• **Available data**:
BEGIN
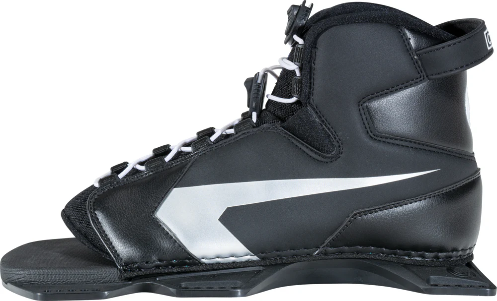 By far our most user-friendly design the Shadow binding uses a stretch panel in the toe which can expand or compress to ensure proper fit for a wide variety of sizes. The Lycra lined toe and heel wrap are molded to fit snug without causing pressure points. Our soft EVA footbed is set in a super-lite plate to keep you comfortable behind the boat.
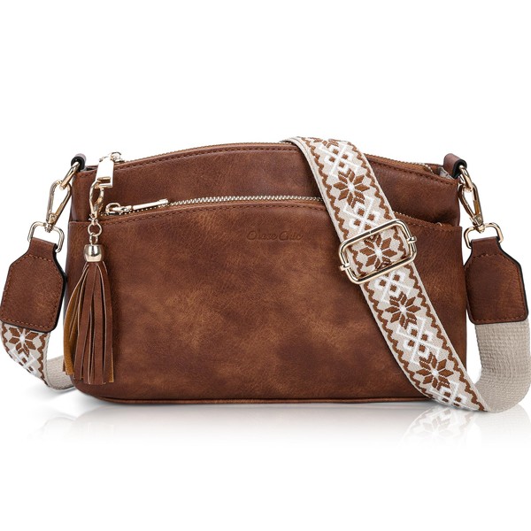 Crossbody Purse for Women,Chase Chic Trendy Vegan Leather Cross Body Bag Lady Small Handbag with Guitar Strap,Brown
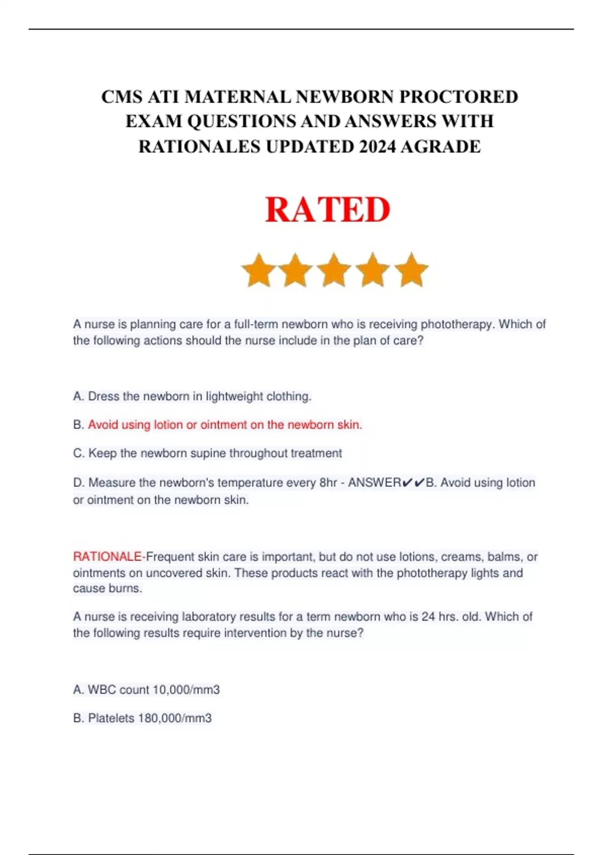 CMS ATI MATERNAL NEWBORN PROCTORED EXAM QUESTIONS AND ANSWERS WITH RATIONALES UPDATED 2024 AGRADE
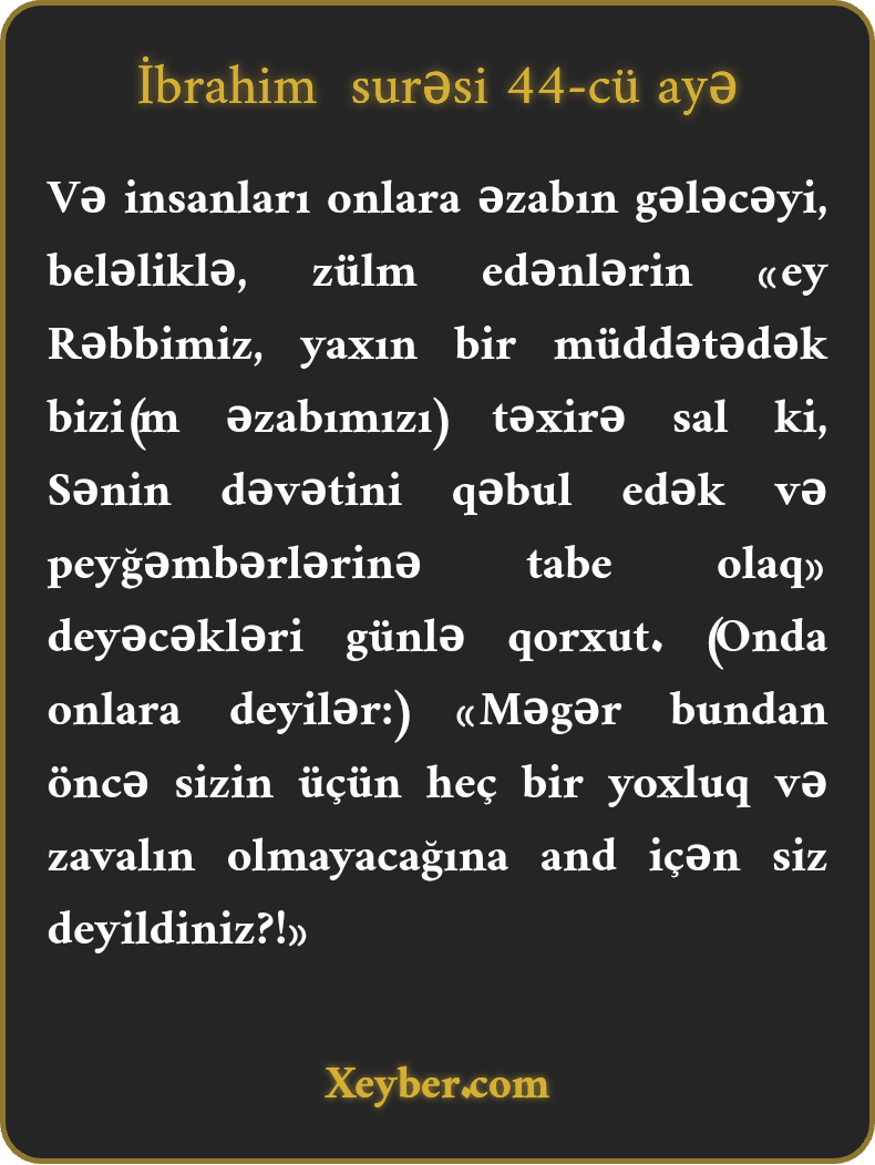 «Xalqı əzab soraqlarına gələcək günlə qorxut. Zülm edənlər deyəcək: "Pərvərdigara! Bizə qısa bir müddət möhlət ver ki, dəvətini qəbul edək, peyğəmbərlərinə tabe olaq.” (Onlara deyilər:) Bundan öncə and içib zavala gəlməyəcəyini deyən siz deyildinizmi?»
END
• **Your assignment**:
Every picture stays out; reproduce exactly the lines from the one with "Crossbody Purse for" through the last line of the data above.

• **Response**:
 Crossbody Purse for Women,Chase Chic Trendy Vegan Leather Cross Body Bag Lady Small Handbag with Guitar Strap,Brown
 CMS ATI MATERNAL NEWBORN PROCTORED EXAM QUESTIONS AND ANSWERS WITH RATIONALES UPDATED 2024 AGRADE
 «Xalqı əzab soraqlarına gələcək günlə qorxut. Zülm edənlər deyəcək: "Pərvərdigara! Bizə qısa bir müddət möhlət ver ki, dəvətini qəbul edək, peyğəmbərlərinə tabe olaq.” (Onlara deyilər:) Bundan öncə and içib zavala gəlməyəcəyini deyən siz deyildinizmi?»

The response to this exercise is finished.